_Available data_
== Segment start ==

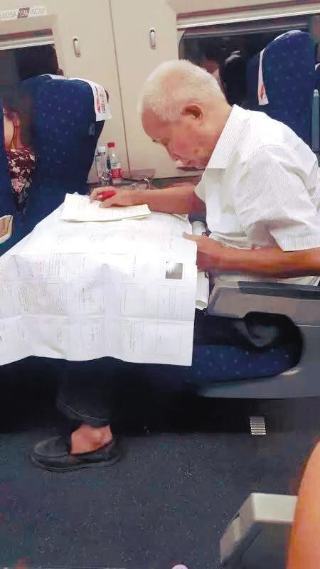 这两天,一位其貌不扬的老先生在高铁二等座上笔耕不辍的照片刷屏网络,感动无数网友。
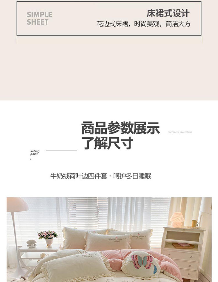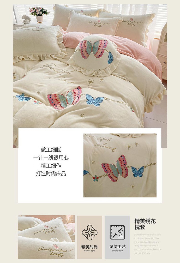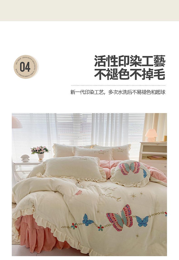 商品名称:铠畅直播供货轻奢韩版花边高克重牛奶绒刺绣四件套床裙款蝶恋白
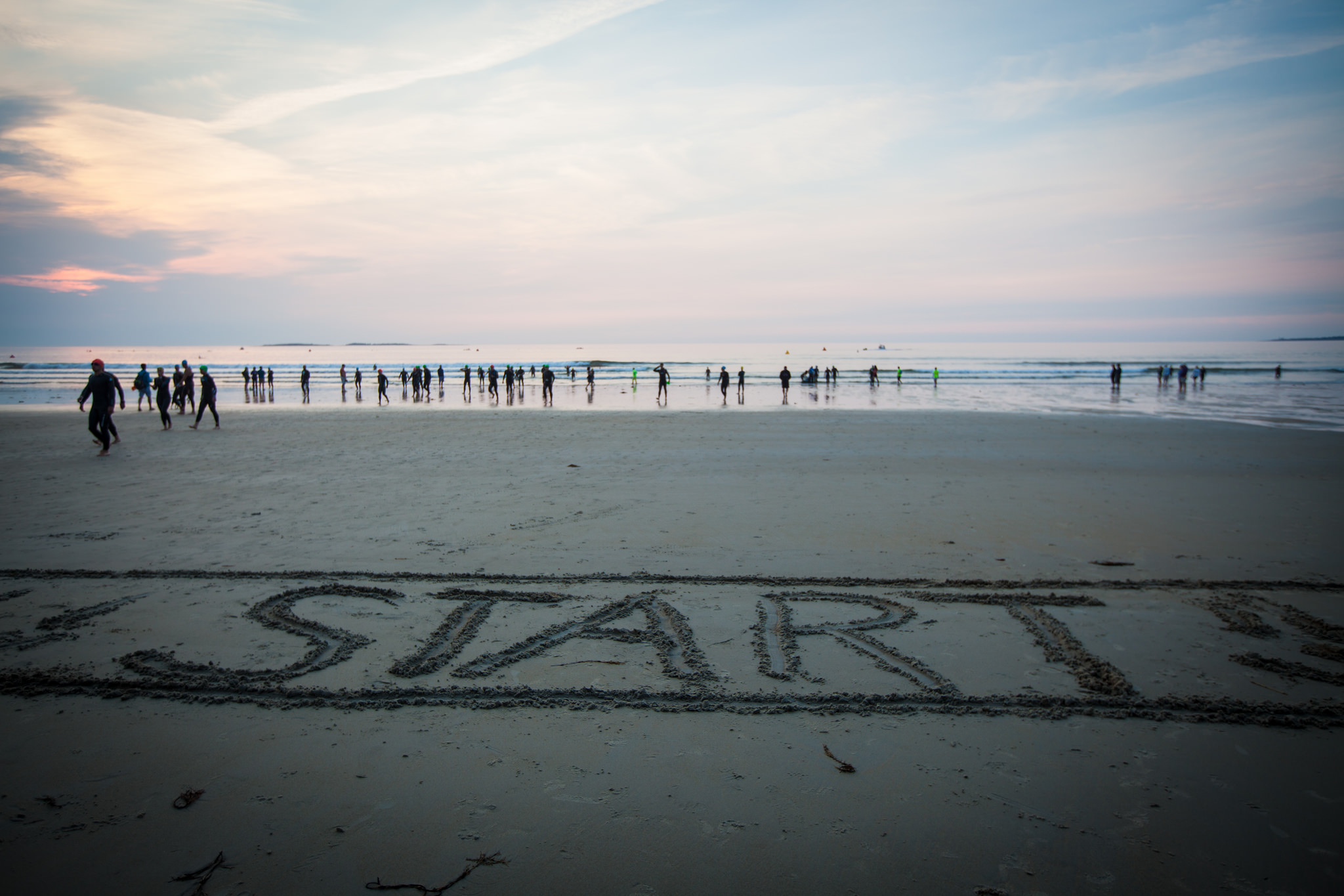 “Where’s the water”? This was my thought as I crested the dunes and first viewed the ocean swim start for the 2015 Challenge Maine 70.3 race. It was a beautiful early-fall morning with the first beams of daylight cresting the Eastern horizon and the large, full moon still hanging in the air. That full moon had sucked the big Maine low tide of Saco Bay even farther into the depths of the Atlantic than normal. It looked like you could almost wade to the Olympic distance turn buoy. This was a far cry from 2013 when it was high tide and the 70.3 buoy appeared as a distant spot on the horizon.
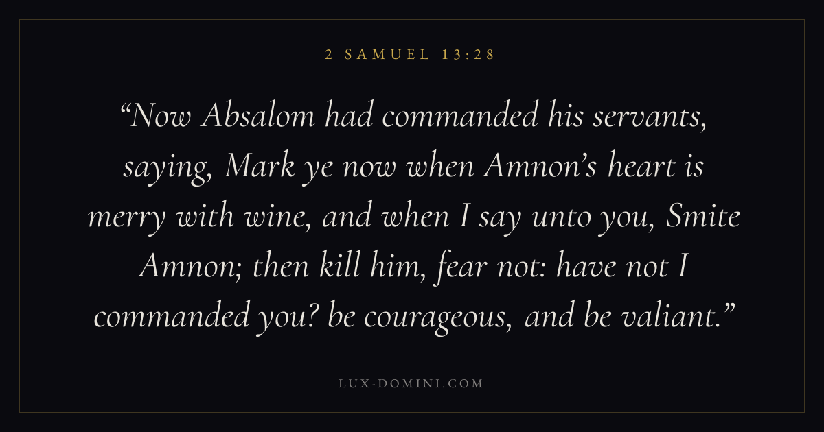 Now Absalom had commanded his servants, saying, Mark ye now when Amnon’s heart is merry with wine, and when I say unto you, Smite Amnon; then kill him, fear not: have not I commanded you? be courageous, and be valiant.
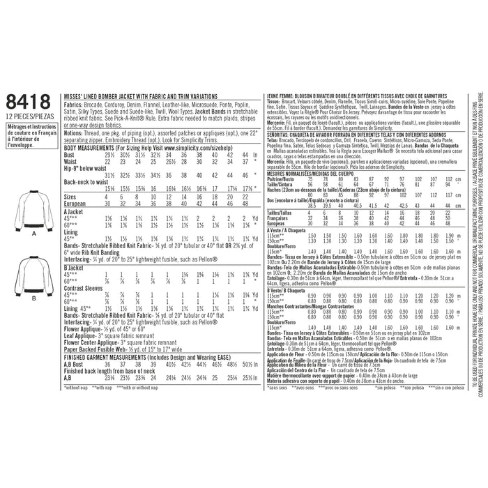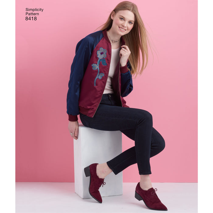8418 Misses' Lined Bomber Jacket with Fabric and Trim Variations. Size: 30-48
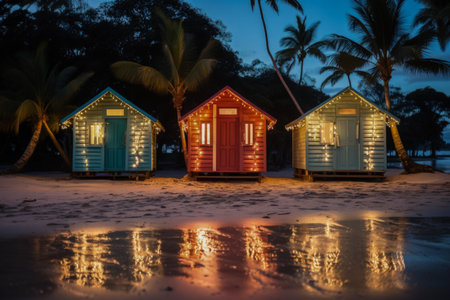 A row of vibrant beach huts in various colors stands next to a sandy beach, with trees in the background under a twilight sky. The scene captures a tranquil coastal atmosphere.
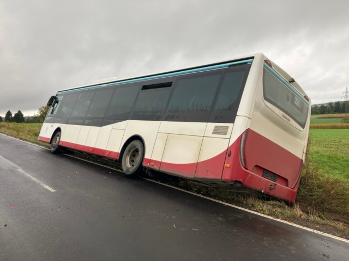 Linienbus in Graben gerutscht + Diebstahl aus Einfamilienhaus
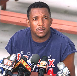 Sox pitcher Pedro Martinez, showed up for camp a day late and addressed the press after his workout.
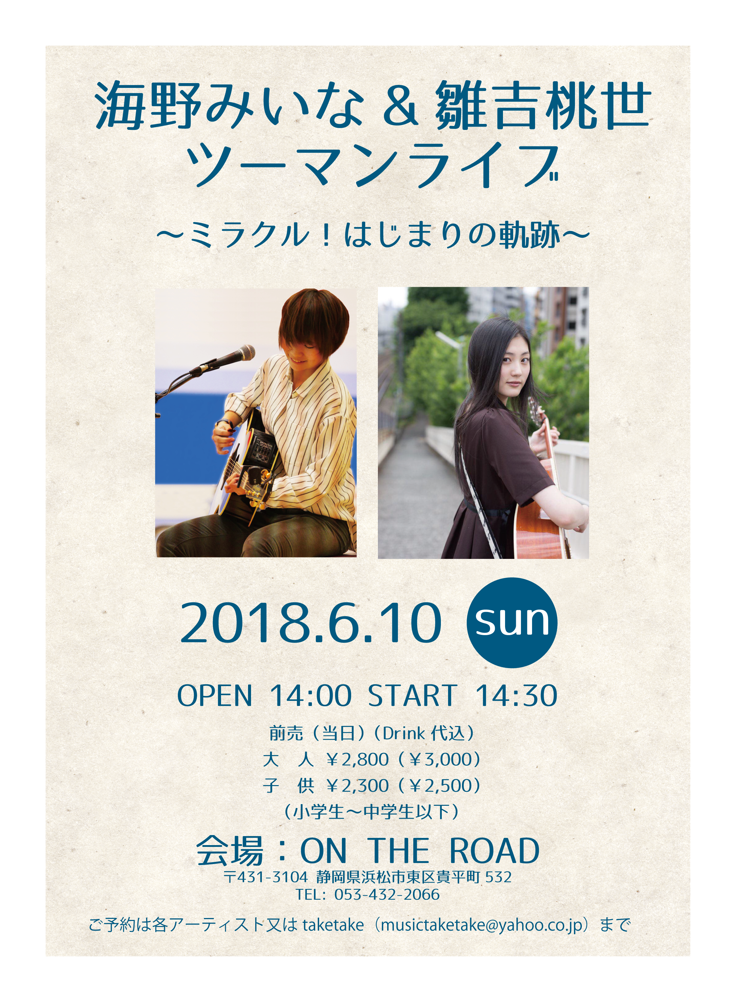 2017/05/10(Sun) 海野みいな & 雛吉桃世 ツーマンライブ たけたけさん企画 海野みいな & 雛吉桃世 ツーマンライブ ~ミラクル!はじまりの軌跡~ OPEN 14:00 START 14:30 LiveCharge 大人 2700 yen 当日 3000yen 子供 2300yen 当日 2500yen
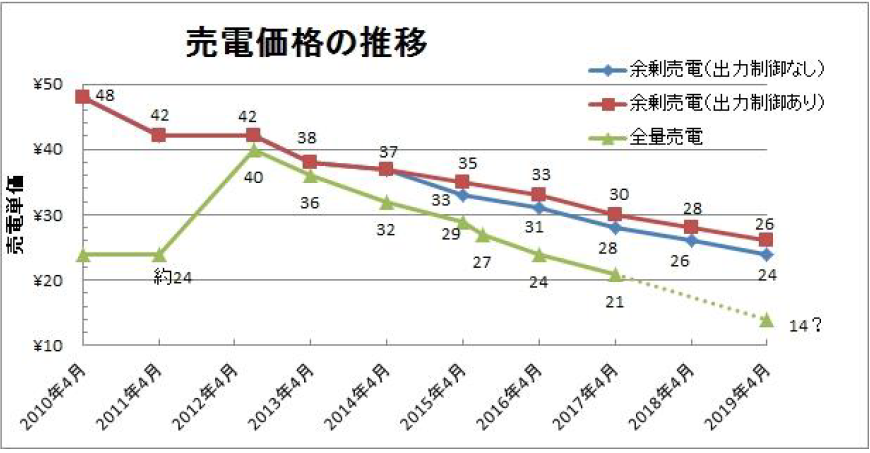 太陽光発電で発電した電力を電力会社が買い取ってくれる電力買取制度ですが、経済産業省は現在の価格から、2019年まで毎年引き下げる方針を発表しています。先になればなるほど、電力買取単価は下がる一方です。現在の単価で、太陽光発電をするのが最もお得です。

== Segment end ==
== Segment start ==

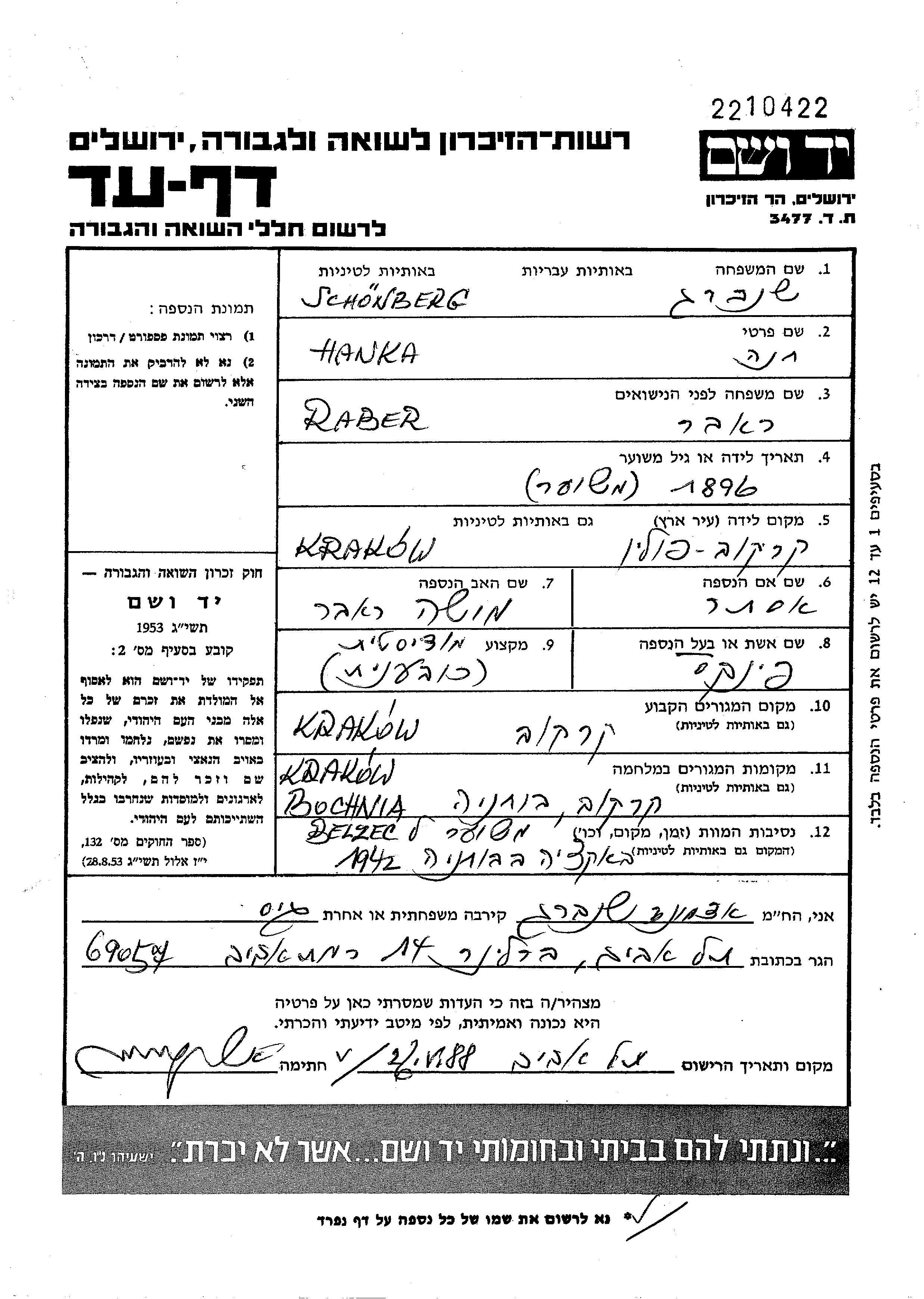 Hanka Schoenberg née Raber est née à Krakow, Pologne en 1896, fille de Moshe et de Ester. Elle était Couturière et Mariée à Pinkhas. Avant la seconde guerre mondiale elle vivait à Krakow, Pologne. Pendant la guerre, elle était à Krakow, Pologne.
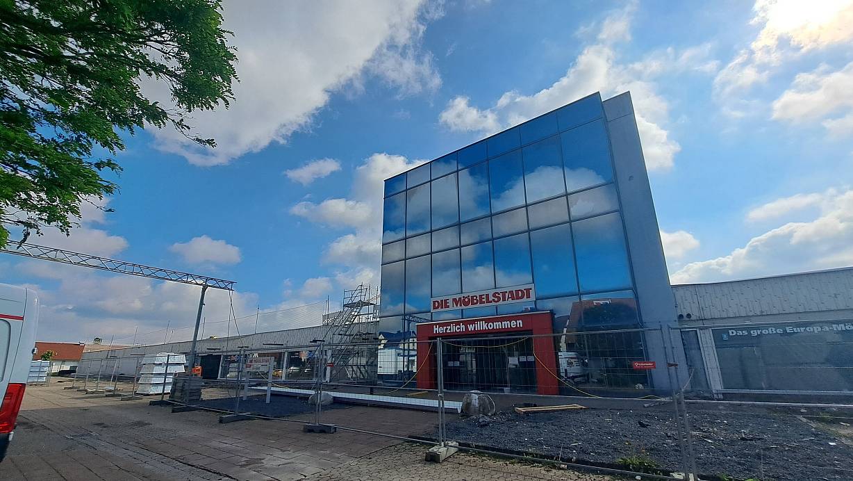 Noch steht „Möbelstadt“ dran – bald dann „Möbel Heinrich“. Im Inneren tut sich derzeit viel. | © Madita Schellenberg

== Segment end ==

_Work to be completed_
Restate word for word the lines of the data above that begin at the line with "8418 Misses' Lined" and end at the line with "Linienbus in Graben", keeping both ends and dropping every picture.

_Task solution_
8418 Misses' Lined Bomber Jacket with Fabric and Trim Variations. Size: 30-48
 A row of vibrant beach huts in various colors stands next to a sandy beach, with trees in the background under a twilight sky. The scene captures a tranquil coastal atmosphere.
 Linienbus in Graben gerutscht + Diebstahl aus Einfamilienhaus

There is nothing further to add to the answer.